**What you are asked to do:** Print only the lines running from the line with "Yeni alınan kararlara" to the final line below, both included, exactly as written and without the pictures.

**Supplied data:**
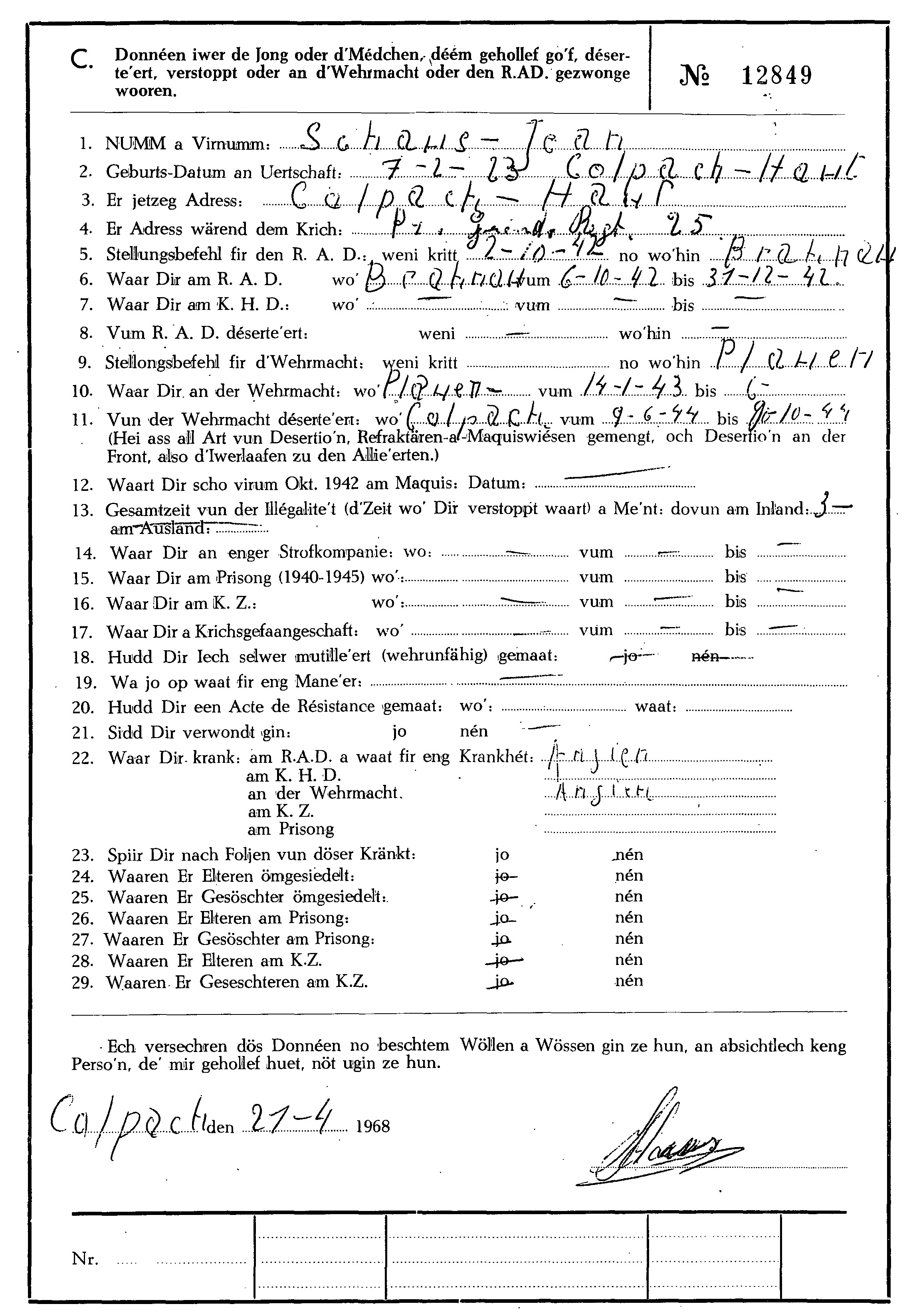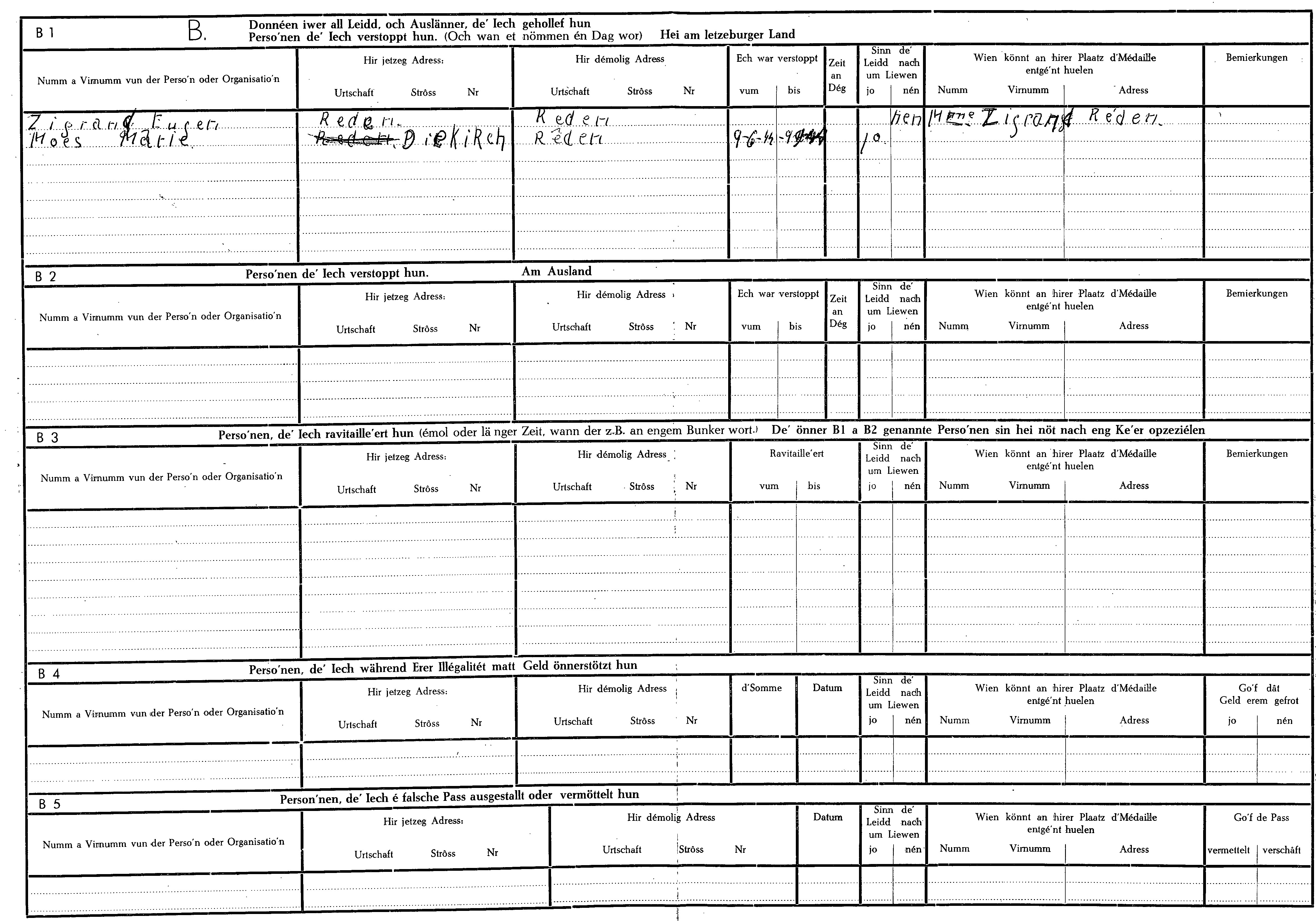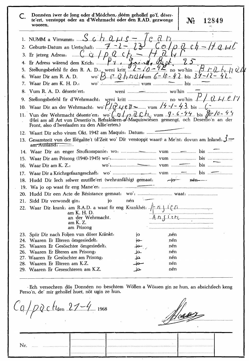 Nom, prénom, nom pendant l'occupation
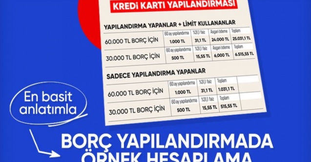 Yeni alınan kararlara göre, 60 bin lira borcu olan biri bu borcunu yapılandırarak her ay 1.000 TL ödeyecek. Bu takside yüzde 3,11 faiz eklenecek. Borçlunun ilk ödeyeceği taksit böylelikle 1.031,1 lira olacak. Bu borcu asgari ödeme tutarı olan (yüzde 40) 24 bin liraya eklenecek ve ilk ay 25 bin 31,1 lira ödenmesi gerekecek.
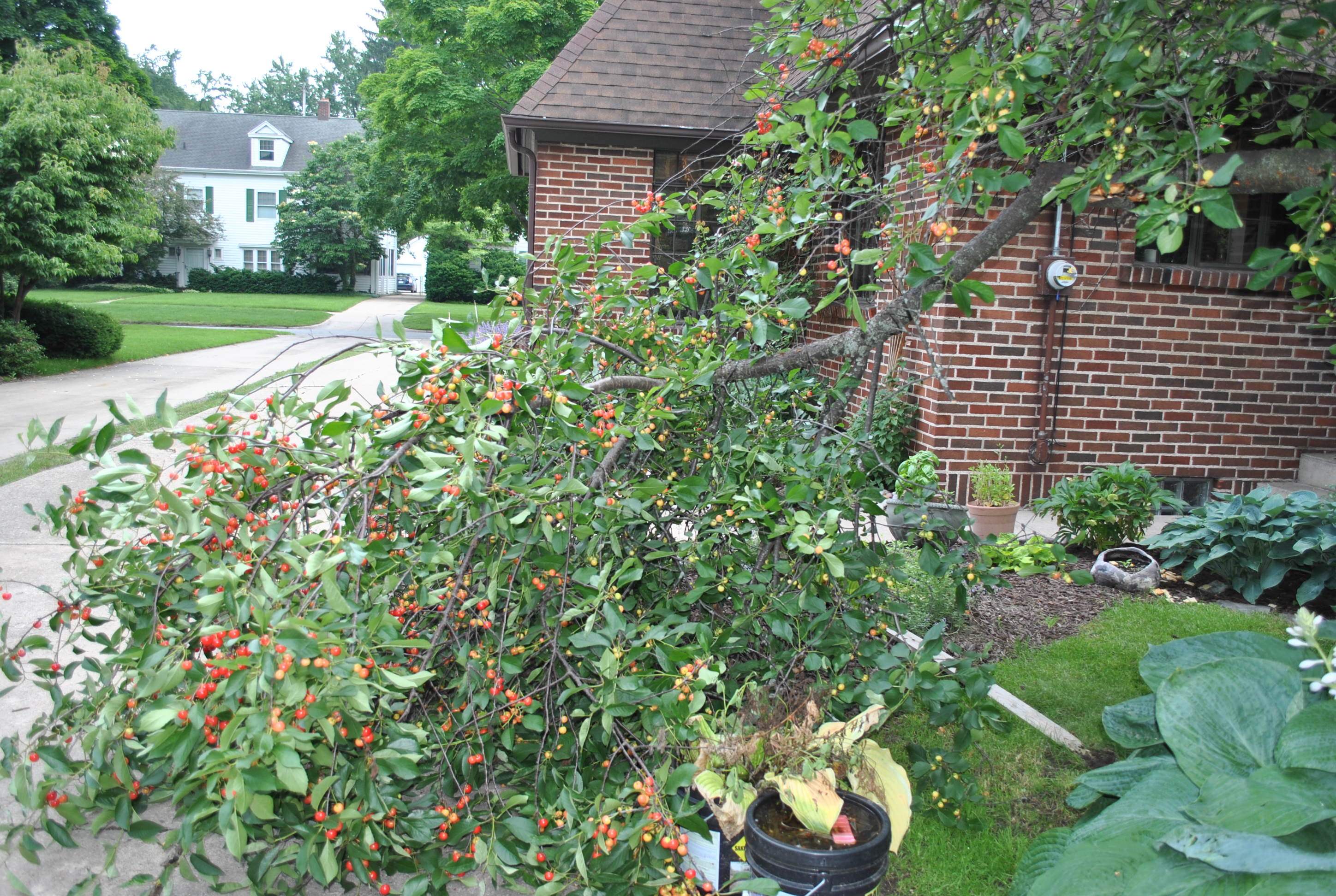 I couldn’t decide whether I should write about the fallen cherry tree limb and the fact that the lilacs are getting a really hard prune, or whether I should gush over the deep textures of some of my favorite hostas. So, I’ve decided to write about both. First the hard prune. I knew that sooner or later a long limb on the cherry tree would break under the weight of the cherries, and a week ago it finally came down. I’m glad it happened after I had about 50 people at the house. There was a storm that night and that’s when the limb came down. But it didn’t break clean, so the fruit has continued to ripen. That’s going to make for easy pickin’s in about three or four more days.

**Exercise output:**
 Yeni alınan kararlara göre, 60 bin lira borcu olan biri bu borcunu yapılandırarak her ay 1.000 TL ödeyecek. Bu takside yüzde 3,11 faiz eklenecek. Borçlunun ilk ödeyeceği taksit böylelikle 1.031,1 lira olacak. Bu borcu asgari ödeme tutarı olan (yüzde 40) 24 bin liraya eklenecek ve ilk ay 25 bin 31,1 lira ödenmesi gerekecek.
 I couldn’t decide whether I should write about the fallen cherry tree limb and the fact that the lilacs are getting a really hard prune, or whether I should gush over the deep textures of some of my favorite hostas. So, I’ve decided to write about both. First the hard prune. I knew that sooner or later a long limb on the cherry tree would break under the weight of the cherries, and a week ago it finally came down. I’m glad it happened after I had about 50 people at the house. There was a storm that night and that’s when the limb came down. But it didn’t break clean, so the fruit has continued to ripen. That’s going to make for easy pickin’s in about three or four more days.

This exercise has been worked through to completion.